1. A method of separating sterols in deodorisation distillates of fats and fatty oils by solvent-fractional crystallisation, which comprises centrifugal sedimentation and centrifugal filtration.

2. A method according to claim 1, in which the solvent is selected from C1.4 alkanols, aliphatic carboxylic acid esters, aliphatic ketones and mixtures thereof.

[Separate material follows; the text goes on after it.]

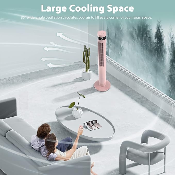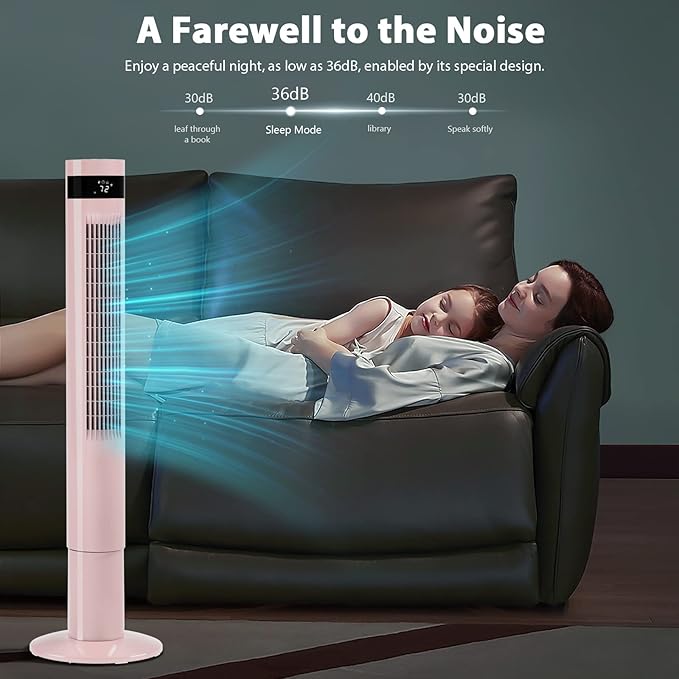 - FAST COOLING DOWN & EASY TO USE : Turn on this quiet tower fan, the quite room fan will cool down the temperature in 3 seconds and give you instant coolness. User manual included.

3. A method according to claim 1, in which the centrifugal sedimentation is conducted in a basket-type sedimentation centrifuge, at a centrifugal effect of from 1000 to 1500.

4. A method according to any preceding claim, in which the centrifugal filtration is conducted in a basket-type centrifugal filter, at a centrifugal effect of from 700 to 900.

5. A method according to claim 1, substantially as described in any of the Examples.